Instruction for the entries that follow: retype exactly the lines from the line with "商品詳細 サイズ 単位:CM" to the line with "Fabricado en cuero", both included, and omit all others.
BEGIN Material to process
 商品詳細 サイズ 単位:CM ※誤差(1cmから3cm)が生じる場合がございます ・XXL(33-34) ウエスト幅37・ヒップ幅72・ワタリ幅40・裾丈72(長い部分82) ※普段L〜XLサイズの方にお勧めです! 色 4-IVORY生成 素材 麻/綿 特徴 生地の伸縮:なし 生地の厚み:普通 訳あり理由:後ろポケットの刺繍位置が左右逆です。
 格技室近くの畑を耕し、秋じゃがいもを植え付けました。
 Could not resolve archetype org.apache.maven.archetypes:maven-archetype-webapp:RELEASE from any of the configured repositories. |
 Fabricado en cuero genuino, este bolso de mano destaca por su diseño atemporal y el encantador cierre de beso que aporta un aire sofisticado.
END Material to process
BEGIN Material to process
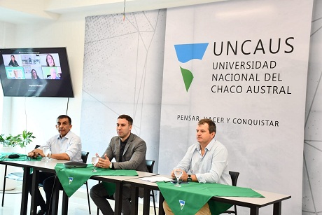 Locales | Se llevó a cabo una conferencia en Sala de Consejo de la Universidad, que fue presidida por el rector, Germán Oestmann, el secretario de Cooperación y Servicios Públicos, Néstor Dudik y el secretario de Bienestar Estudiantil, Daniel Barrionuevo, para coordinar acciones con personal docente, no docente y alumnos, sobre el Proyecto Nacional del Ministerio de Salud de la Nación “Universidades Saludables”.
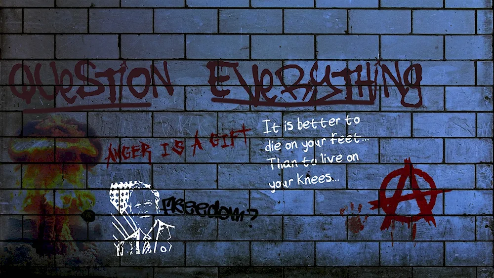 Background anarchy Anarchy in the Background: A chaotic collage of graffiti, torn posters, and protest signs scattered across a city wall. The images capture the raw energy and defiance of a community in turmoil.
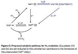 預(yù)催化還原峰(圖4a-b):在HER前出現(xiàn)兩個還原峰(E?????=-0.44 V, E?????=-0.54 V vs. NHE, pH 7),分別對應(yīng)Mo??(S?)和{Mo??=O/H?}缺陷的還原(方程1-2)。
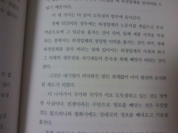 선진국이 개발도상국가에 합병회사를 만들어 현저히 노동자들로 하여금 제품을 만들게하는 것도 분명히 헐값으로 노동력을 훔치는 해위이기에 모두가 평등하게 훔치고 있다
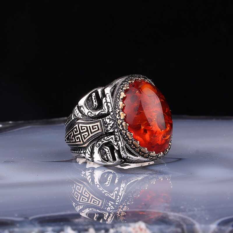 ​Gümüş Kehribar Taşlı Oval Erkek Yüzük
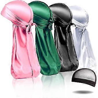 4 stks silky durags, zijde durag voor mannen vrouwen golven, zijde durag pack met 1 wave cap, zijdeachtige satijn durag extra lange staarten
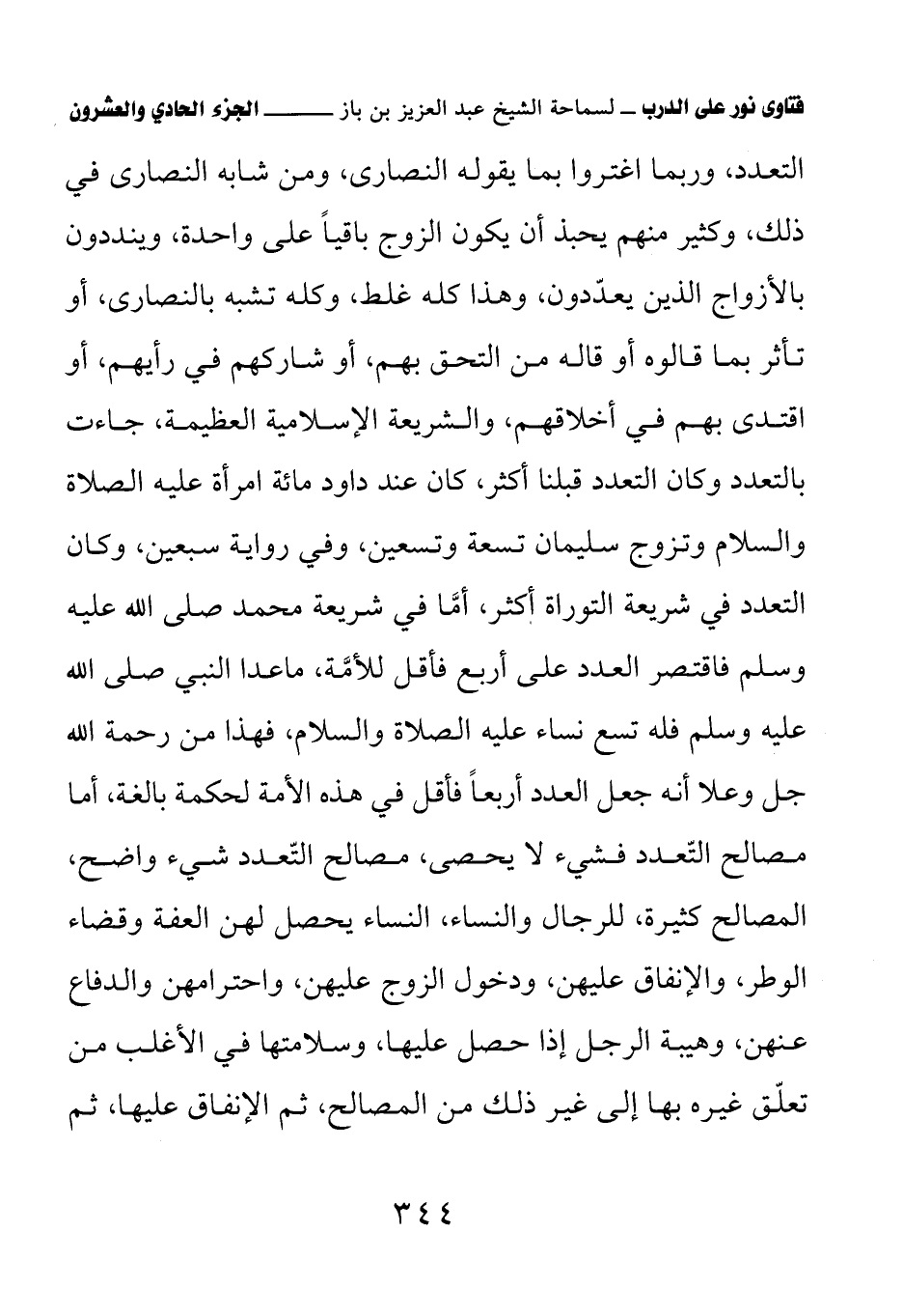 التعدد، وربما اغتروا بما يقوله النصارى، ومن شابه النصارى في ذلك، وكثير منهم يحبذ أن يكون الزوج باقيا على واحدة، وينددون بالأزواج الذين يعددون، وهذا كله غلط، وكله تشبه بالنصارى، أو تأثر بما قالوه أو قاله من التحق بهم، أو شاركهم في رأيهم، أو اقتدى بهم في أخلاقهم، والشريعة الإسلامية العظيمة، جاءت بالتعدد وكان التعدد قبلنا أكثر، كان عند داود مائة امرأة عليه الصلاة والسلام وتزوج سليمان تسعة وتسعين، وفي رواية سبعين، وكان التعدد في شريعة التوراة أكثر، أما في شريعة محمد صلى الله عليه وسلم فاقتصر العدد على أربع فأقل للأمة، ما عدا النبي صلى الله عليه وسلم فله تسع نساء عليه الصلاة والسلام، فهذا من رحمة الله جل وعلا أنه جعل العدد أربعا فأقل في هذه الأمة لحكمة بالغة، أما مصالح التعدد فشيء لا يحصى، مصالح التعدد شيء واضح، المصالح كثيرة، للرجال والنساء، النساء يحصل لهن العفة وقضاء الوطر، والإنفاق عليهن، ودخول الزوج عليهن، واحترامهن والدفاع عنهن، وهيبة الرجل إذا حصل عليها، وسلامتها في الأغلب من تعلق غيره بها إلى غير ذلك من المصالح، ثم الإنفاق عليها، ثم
END Material to process
BEGIN Material to process
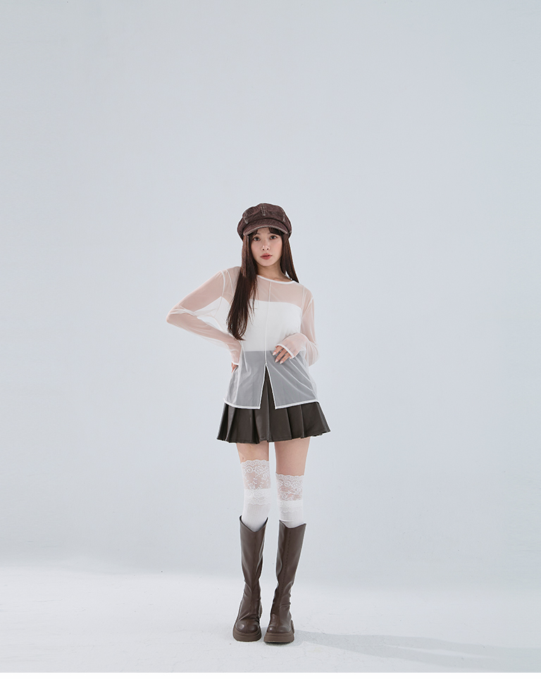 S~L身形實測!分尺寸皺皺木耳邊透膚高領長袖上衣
END Material to process
• _Result_:
 商品詳細 サイズ 単位:CM ※誤差(1cmから3cm)が生じる場合がございます ・XXL(33-34) ウエスト幅37・ヒップ幅72・ワタリ幅40・裾丈72(長い部分82) ※普段L〜XLサイズの方にお勧めです! 色 4-IVORY生成 素材 麻/綿 特徴 生地の伸縮:なし 生地の厚み:普通 訳あり理由:後ろポケットの刺繍位置が左右逆です。
 格技室近くの畑を耕し、秋じゃがいもを植え付けました。
 Could not resolve archetype org.apache.maven.archetypes:maven-archetype-webapp:RELEASE from any of the configured repositories. |
 Fabricado en cuero genuino, este bolso de mano destaca por su diseño atemporal y el encantador cierre de beso que aporta un aire sofisticado.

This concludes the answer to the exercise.